I doubt, from the URL, that this will remain correctly linked for long — get it while it's fresh. Meanwhile, do you suppose the Guardian does this deliberately?

Truncated job ad

Better get that breakfast.

Say goodbye, weeds!

For the second time ever, I'm going to go out and play in the front "garden" — Christa's theory being that it was now low-maintenance. Well, try telling that to all the wild flowers of unrecognised virtue that have been springing up. Think of it as a pre-emptive strike against Big Bro's scorn. Carrots etc. all safely gathered in, by the way. Crikey, it's 10:56 already. Now, can I squeeze into her gloves? I've long since forgotten where I stashed the new David-sized pair I bought in an initial flurry of domestic enthusiasm, many months ago. I can hear her giggling, albeit with a tinge of exasperation. (I used to get that a lot over the years. Good job she liked me!)

Feeling vaguely virtuous having devoted an hour of my life to weed extirpation,1 I shall now wait to see if I turn out to be as allergic to some of the botanical exudations as Christa was. When I removed the gloves, I had blood on my hands, and I don't mean from all my weedy victims. I had no idea thorns were such nasty little pricks! I shall also grab a bite to eat (it's already 13:28) then (now that I've just paid a humongous credit card bill and still socked a couple of unused halfpennies into a dusty savings account closely-coupled to my current one) I shall go for a mid-afternoon spin in the newly refilled banger. The Shell place was selling go-juice at what now almost seems to be the low price of £1-09 per litre.

Oh dear!

It's 16:52 and I'm listening to a delightfully jazzed-up Jacques Loussier version of Ravel's "Bolero" from a recent Prom, I've returned — successfully and successful — from town (Big Bro now has four issues of his aviation magazine to catch up with), but I've just groaned at a sentence in Peter Bradshaw's review of Hellboy II:

At his obviously mature age, Hellboy is incidentally entitled to upgrade his name to adult level, but has decided against it, perhaps because of unfortunate associations with mayonnaise.

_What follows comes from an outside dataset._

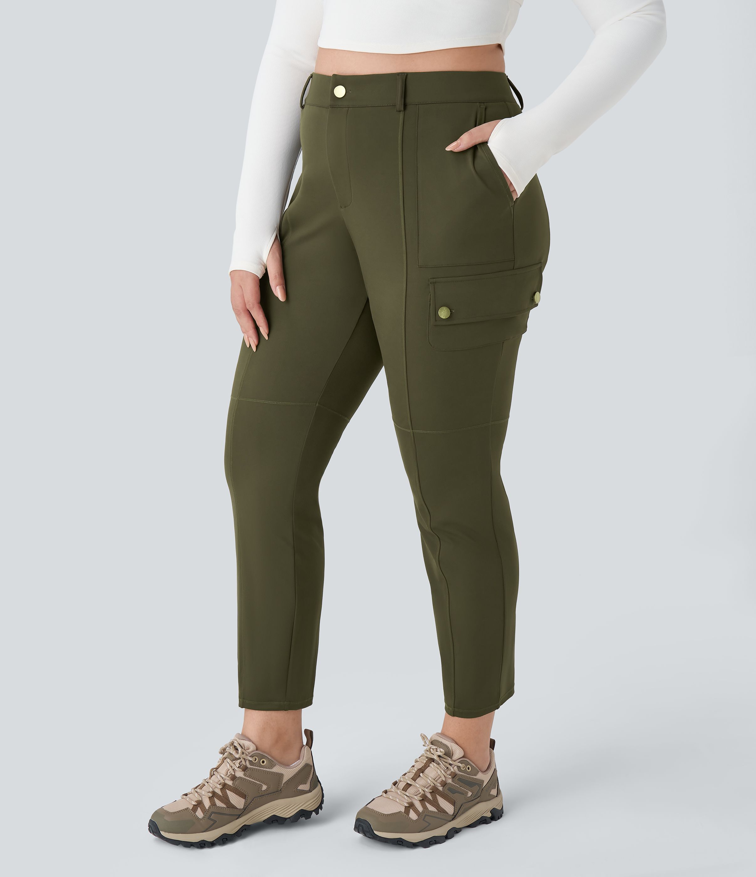 Pantalon Cargo Taille Haute Boutonné Fermeture Éclair Multiples Poches Solide Slim Randonnée Grande Taille
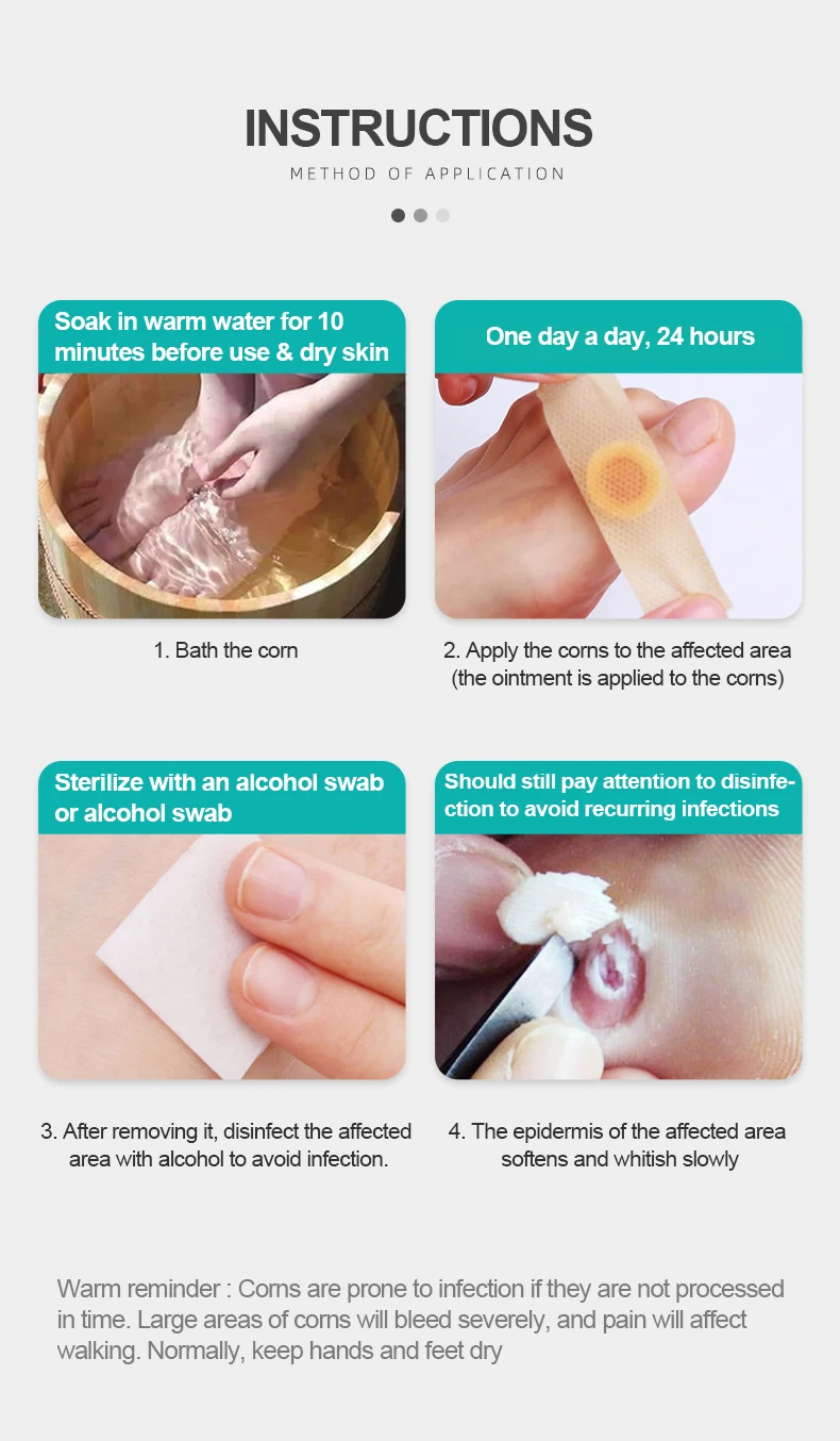 Замочите в теплой воде в течение 10 минут перед использованием и сухой кожи 1. Ванна кукурузы Один день в день, 24 часа 2. Нанесите мозоли на пораженный участок (мазь наносится на мозоли) 3. После удаления. Дезинфицируйте пораженный участок спиртом, чтобы избежать инфекции. 4. Эпидермис пораженной области смягчается и медленно мигает

Peter Bradshaw in The Guardian


Vanity Fair... dept.

I knew perfectly well that Thackeray's Vanity Fair was Christa's favourite book by a considerable margin (though I confess I have not read it). She'd studied it in depth as part of one of her degree courses, which (miraculously) did not put her off it for life. And somewhere on her shelves is a well-thumbed Penguin paperback with copious pencilled notes and underlinings.2 Anyway, I did buy her two video variants, the Susan Hampshire 1967 TV series, and the 2005 Reese Witherspoon film version:

Vanity Fair

Tonight, I listened keenly while Kathy Lette raved on for 30 minutes about how the book had changed her life. And I'm forced to the reluctant conclusion that I've been missing out on a Good Thing (just as Christa told me I was, of course). But then, although we both enjoyed the Simon Raven BBC TV adaptation of The Pallisers3 I never succeeded in getting her to tackle the six original Trollope novels that I'd only recently finished reading when we first met, so we were sort of even I guess. (And I wonder if I'd still have the patience and stamina to do so now, 34 years on.)

  

Footnotes

1  I like to hope Christa would no longer be shocked by the state of the front "garden" but I've got no more room left in the green garden waste bag. Since I'm paying for these to be emptied weekly, I may as well use the service. (If I didn't know better, I'd swear some of the perishers have already started growing back since this morning!)
2  Personally, I regard it as a mortal sin to write in a book — as opposed to writing books! — but there we agreed to differ.
3  As reported by his biographer Michael Barber in 1996, Raven wrote wickedly in March 1973: Trollope goes into production (d.v.) on May 1, and is now scheduled for transmission from January '74... a delay of nearly 18 months on the original schedule, caused by breath-taking incompetence of BBC arrangements for casting and shooting... I have 'flu, spots, diarrhoea, impotence, piles and tooth-ache. I couldn't drink my whisky last night and have not seen my cock for a month. Nor do I want to.